Abiding, Not Striving

Missionary pioneer J. Hudson Taylor of China was working and worrying so frantically that his health was about to break. Just when his friends feared he was near a breakdown, Taylor received a letter from fellow missionary John McCarthy that told of a discovery that he had made from John 15–the joy of abiding in Christ. McCarthy’s letter said in part:

“Abiding, not striving or struggling; looking off unto Him; trusting Him for present power….this is not new, and yet ’tis new to me….Christ literally seems to me now the power, the only power for service; the only ground for unchanging joy.”

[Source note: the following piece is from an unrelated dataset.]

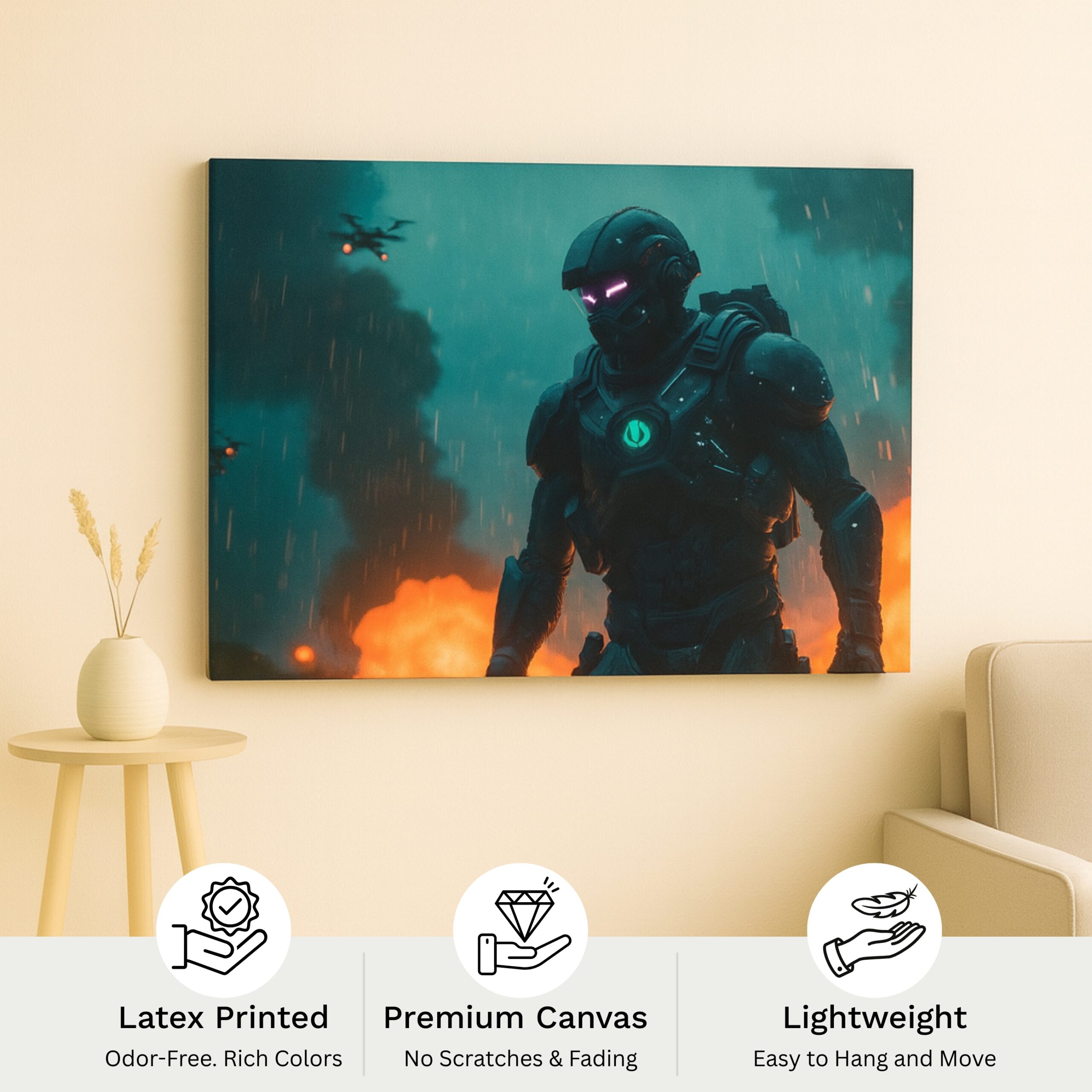 This mech-centric canvas print also makes a standout gift for sci-fi fans and concept-art enthusiasts. Printed on premium stretched canvas with fade-resistant inks, it preserves metallic nuance and stormy glow for years. Proudly made in India, this canvas wall art pairs durable craftsmanship with future-grade aesthetics to energize interiors day after day.

As Hudson Taylor read this letter at his mission station in Chin-kiang on Saturday, September 4, 1869, his own eyes were opened. “As I read,” he recalled, “I saw it all. I looked to Jesus, and when I saw, oh how the joy flowed!” Writing to his sister in England, he said:

“As to work, mine was never so plentiful, so responsible, or so difficult; but the weight and strain are all gone. The last month or more has been perhaps the happiest of my life, and I long to tell you a little of what the Lord has done for my soul….

When the agony of soul was at its height, a sentence in a letter from dear McCarthy was used to remove the scales from my eyes, and the spirit of God revealed the truth of our oneness with Jesus as I have never known it before. McCarthy, who had been much exercised by the same sense of failure, but saw the light before I did, wrote (I quote from memory): “But how to get faith strengthened? Not by striving after faith but by resting in the Faithful one.”

As I read, I saw at all!… As I thought of the Vine and the branches, what light the blessed Spirit poured into my soul!”

(taken from Stories, Illustrations, and Quotes by Robert J. Morgan page 1)

“I am the true vine, and My Father is the vinedresser. Every branch in Me that does not bear fruit He takes away; and every branch that bears fruit He prunes, that it may bear more fruit. You are already clean because of the word which I have spoken to you. Abide in Me, and I in you. As the branch cannot bear fruit of itself, unless it abides in the vine, neither can you, unless you abide in Me. I am the vine, you are the branches. He who abides in Me, and I in him, bears much fruit; for without Me you can do nothing” (John 15:1-5).